HR’s Growing Role in Data Privacy & Protection
Insights and Advice from an Empyrean Expert
The role of our HR and benefits leaders continues to evolve and expand, and now our human resources teams are at the forefront of the battle to ensure both company and employee data remains protected and secure in our increasingly digitized world.
Gone are the days when only certain subgroups of an employee population relied on technology to perform their jobs. Today, nearly every American worker touches technology in some form on a daily basis, putting an increasing burden on HR teams to manage and train our evolving workforce on the best practices for ensuring data protection and security.
HR professionals are tasked with ensuring that employees follow IT and security policies and protocols to protect not only the company they work for and the customers they serve, but also themselves. Following the trend of supporting total employee health and wellness, more and more employers are offering identity theft protection as a voluntary benefit. However, an analysis of Empyrean’s enrollment data shows that only 13.8% of those employees offered the benefit enroll.
While we may tend to focus on highly-publicized and wide-spread security and data breaches impacting huge numbers of consumers, a study conducted by the Ponemon Institute found that just eight percent of all data breaches are caused by external cyber-attacks. Instead, the overwhelming majority of data breaches are caused by human error.
While experts recognize that it is a huge undertaking, they caution that HR professionals need to partner with IT to concentrate efforts on building a workplace culture where all employees are playing an active role in keeping data safe and secure, including instilling a sense of accountability across teams to ensure that data security needs are a priority.
In recognition of Data Privacy Day, we sat down with our Senior Security Analyst, Joel Tristani, to discuss the importance of data privacy and protection, including how we protect our own client data here at Empyrean.
Let’s start with the basics. Why is data privacy so crucial, and what should employees and organizations know about it?
Organizations are entrusted with handling personal data, and must take all necessary precautions to ensure it remains protected while in their care, including while it is being stored, processed, or is in transit to another authorized party.
There are many reasons why an employee might want to keep data about their identity, health, finances, or other matters private, and it is every person’s right to decide who has access to their personal data, and how it should and should not be used.
How can employers help employees safeguard data privacy?
There are a myriad of ways that employers can support safe and effective cyber hygiene.
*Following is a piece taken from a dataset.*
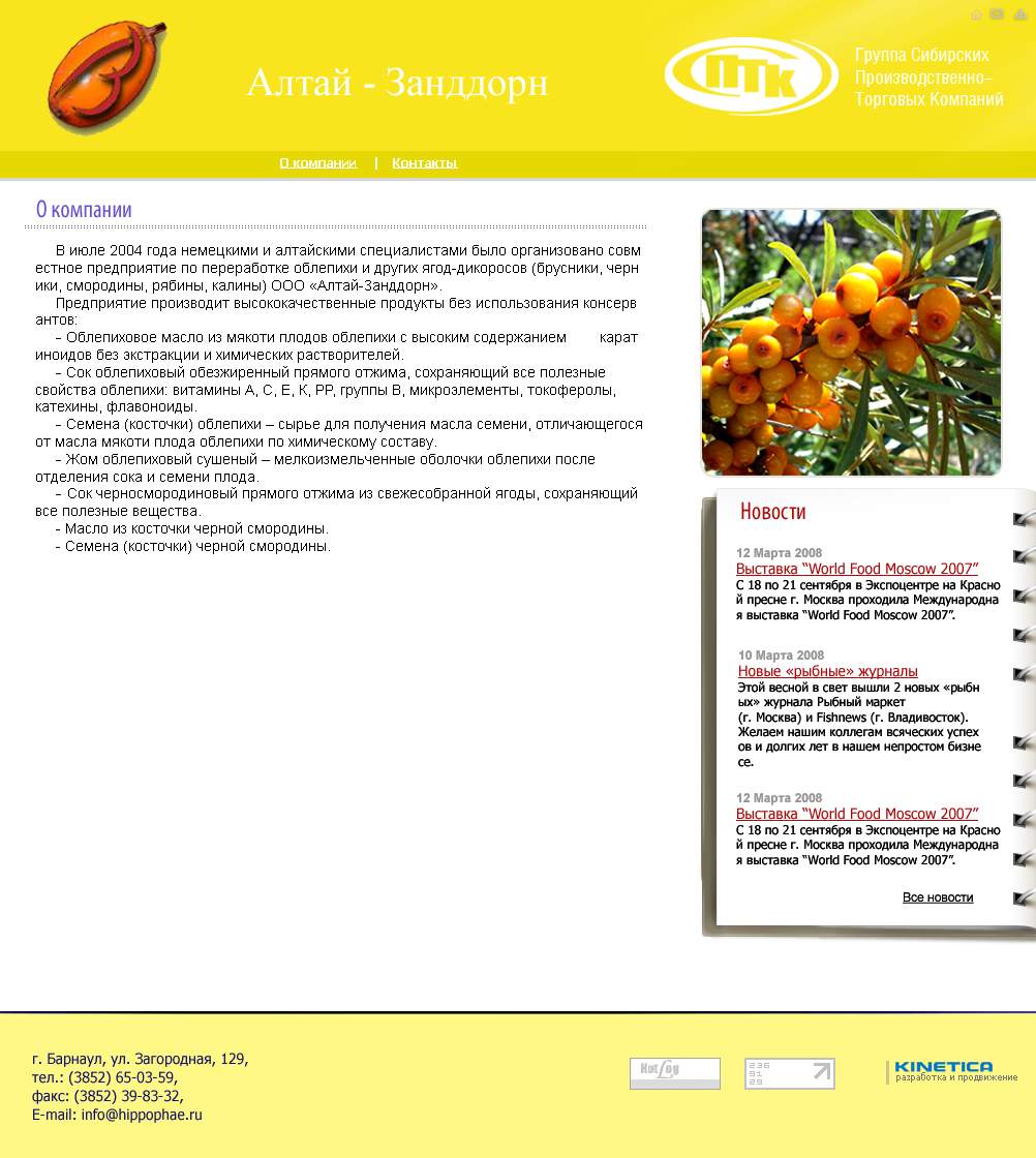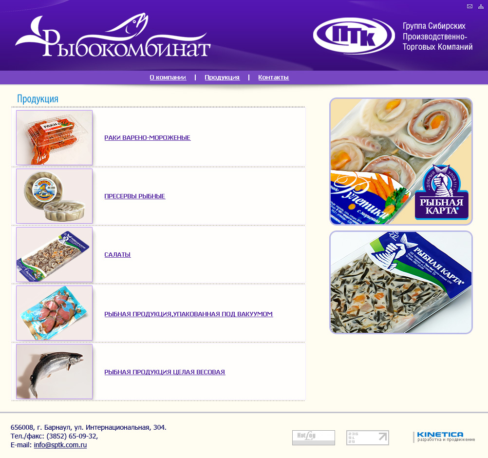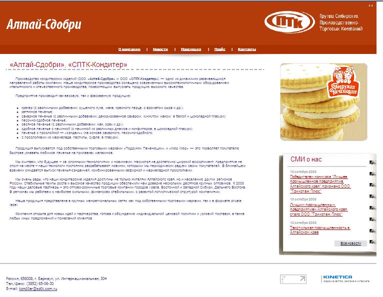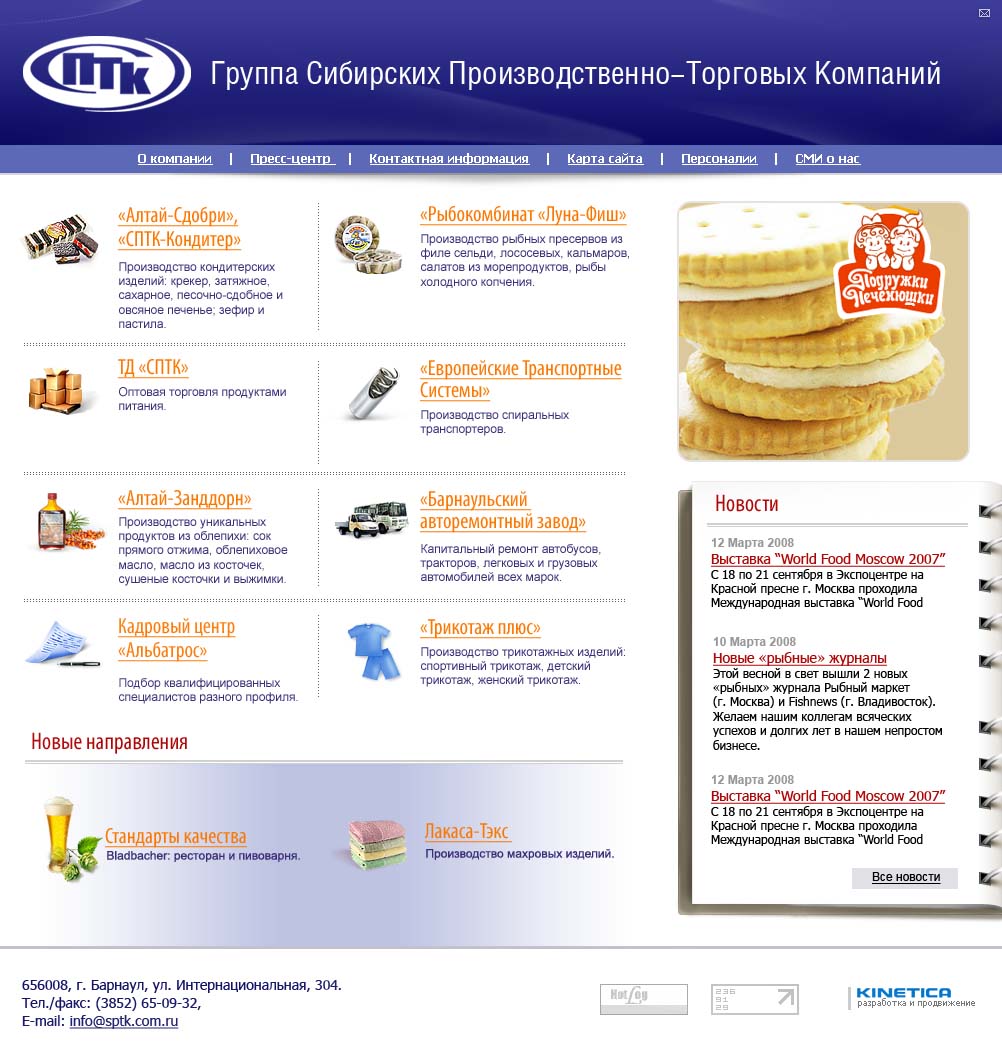 Рыба и не только«Сибирская Производственно-Торговая Компания» открыла корпоративный интернет-портал, объединяющий интересы десяти направлений своего бизнеса. Современный рынок диктует свои условия: планомерно падает стоимость доступа в Сеть, благодаря чему стремительно растет интернет-аудитория, входящая в сферу профессиональных интересов практически всех подразделений «СПТК». Исходя из новых реалий, руководством холдинга было принято решение о создании корпоративного портала, охватывающего все сферы деятельности Группы «СПТК». Интернет-агентство «Кинетика», имеющее опыт разработки веб-представительств крупных корпораций, было выбрано реализатором данного масштабного проекта. Новый корпоративный портал, запущенный по старому адресу http://sptk.com.ru/ представляет разветвленную структуру «СПТК», информируя о всех новостях и событиях, связанных с её деятельностью, происходящих внутри самой организации и за ее пределами. Строгий и минималистичный дизайн ресурса «разбавлен» тематическими анимированными и статичными баннерами. Каждый из основных подразделов выполнен в собственной цветовой гамме, но в единой сетке вёрстки корпоративного портала. Продвижение сайтов конкретных направлений входит в программу дальнейшей информационной поддержки веб-ресурса интернет-агентством «Кинетика». В частности, специально зарегистрированный домен www.altai-sdobri.ru будет вести на сайт «Алтай-Сдобри», расположенный в настоящий момент внутри структуры корпоративного портала. Такой подход позволит каждому из подразделений «СПТК» определенным образом позиционировать свой сайт для конкретной целевой аудитории, при этом сохраняя целостный образ холдинга. |

At Empyrean, we provide security awareness training to all of our employees, which includes important tips and tricks on how to look out for various red flags when using email, browsing websites, and operating computers and other devices.
We encourage all employers to ensure your employees are equipped with the proper tools, resources, and guides to help them handle their own data, and their clients’ data, in the safest, most secure way possible.
How does Empyrean protect our own client data?
At Empyrean, the protection of client data is a top priority.
Client data is always encrypted while at rest within our systems and during transfer in from a client or out to an authorized partner. In addition, before it’s transferred through an encrypted pathway, data is further encrypted at the file level to ensure that only the owner of that data can decrypt and access it, even after it reaches its final destination.
Access to client data while in our care is limited to only the client team members that require access in order to service the account. Beyond secure data handling practices, we maintain a robust security control environment and multi-layered defense strategy to ensure the confidentiality, integrity, and availability of our own and our clients’ information assets.
What’s your best advice for everyday data privacy protection?
A quick tip for everyday data privacy protection is to enable multi-factor or two-factor authentication for bank, insurance, and other websites that store your personal data.
And please – I cannot stress this enough – do not re-use passwords! If one of your accounts is compromised, all of your accounts with the same email and password combination will also be at risk. Multi/two-factor authentication mitigates this to some extent, but your best bet is to create different, strong passwords that will help protect you against cyber threats. Establish your own multi-layered defense, and don’t be afraid to ask questions.
Whether you’re an employee trying to protect your own personal data, or an organization safeguarding client information, everyone has a responsibility to ensure sensitive data is sent, stored, used, and viewed safely and appropriately.
About Joel Tristani, Senior Security Analyst at Empyrean
Joel joined the Empyrean team in 2021, and plays a pivotal role as a member of the organization’s IT and security teams. His decades-long IT career includes time spent at corporations like Widespread Technologies and BCI, as well as time spent at municipalities and within the private consulting space.
Joel earned a B.S. from Hodges University, as well as a M.S. in Cybersecurity from DePaul University. He resides in Tucson, Arizona.